Day shift: Ten calls; one left at scene; nine by ambulance.
Stats: 1 Vomiting; 2 eTOH; 1 RTC with minor injuries; 1 Chest Pain; 1 Purple plus (dead); 1 Faint; 1 Flu; 1 ? assault; 1 Abdo pain.
Sarah was my EOC observer for the day and this was her first introduction to death. Seeing your first dead person can invoke a lot of different emotions, depending on your age, experience and character. She was apprehensive but remained calm and collected – as it should be under such circumstances.
Taking EOC observers is a good idea; they get to see, first-hand, what it is we are doing out here and why we complain so much at times. They can see why the system is generally useless.
Before we went to our dead lady, we were sent to numerous other calls at the head of the day. Our first was a vomiting 54 year-old woman who’d recently had her tooth out under local anaesthetic and was possibly reacting to it. Other than that, she was in good health. Her daughters were on scene and one of them travelled with her to hospital.
As if to prove the worth of our services out there, our next call was for a collapsed male who was sleeping and vomiting in the street. He was a stone’s throw (if you have a good arm) from the local alcoholic/drug abuser’s hostel and so logic led me to believe this is precisely what we’d see. He was smelly and dirty and messy. Two cops were standing vigil over him as the ambulance swept past after missing the windmill.

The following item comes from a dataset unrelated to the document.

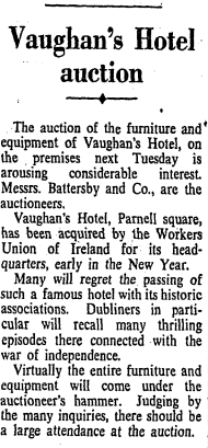Vaughan’s Hotel was acquired in 1953 by the Workers Union of Ireland, and remains a home of the trade union movement to this day. The sale of the building in 1953 attracted some controversy, owing to the strong connection between the premises and the War of Independence. The Irish Times reported on an auction of the hotels contents in November 1953, writing that:

I managed to catch it and stopped on cue.
There wasn’t much to do but take basic obs and assist in hauling him off the pavement and into the ambulance. He had filled his trousers (just for us, I expect) and the stench from that end was over-powering at times but he wasn't in emergency need of anything medical. Trust me; he was drunk and no more than that.
As we sat on stand-by, a woman stopped at the window and told us that a RTC had taken place just behind us. I called it in and Control sent the CAD down because it had already been reported and a MRU was on its way (I know, your brains are confusef by the use of 'a' before RTC and MRU but them's the rules).
Sure enough, on the short sprint up to the location of the RTC, a motorcycle unit turned into the road but he went off, past the accident scene. To be fair, it wasn’t obvious because the motorcyclist who’d been knocked off his bike by a car was standing with a small group of people at a corner and if you blinked (or followed the navigation system) you missed him.
He’d been side-swiped by a car at a junction. This caused him to come off his bike at about 30mph, slide along the road and, according to witnesses, slam head-first into a tree. He couldn’t remember the tree part, so he may have been momentarily knocked out. He had grazed fingers and a red mark on his head – so minor injuries with no neck pain or other problems. He was lucky not to be dragged under the car, the driver of which stuck around with the witnesses to talk to the police when they arrived. Oh, our MRU got on scene a few minutes after me when he realised his mistake. I could be smug for a few minutes.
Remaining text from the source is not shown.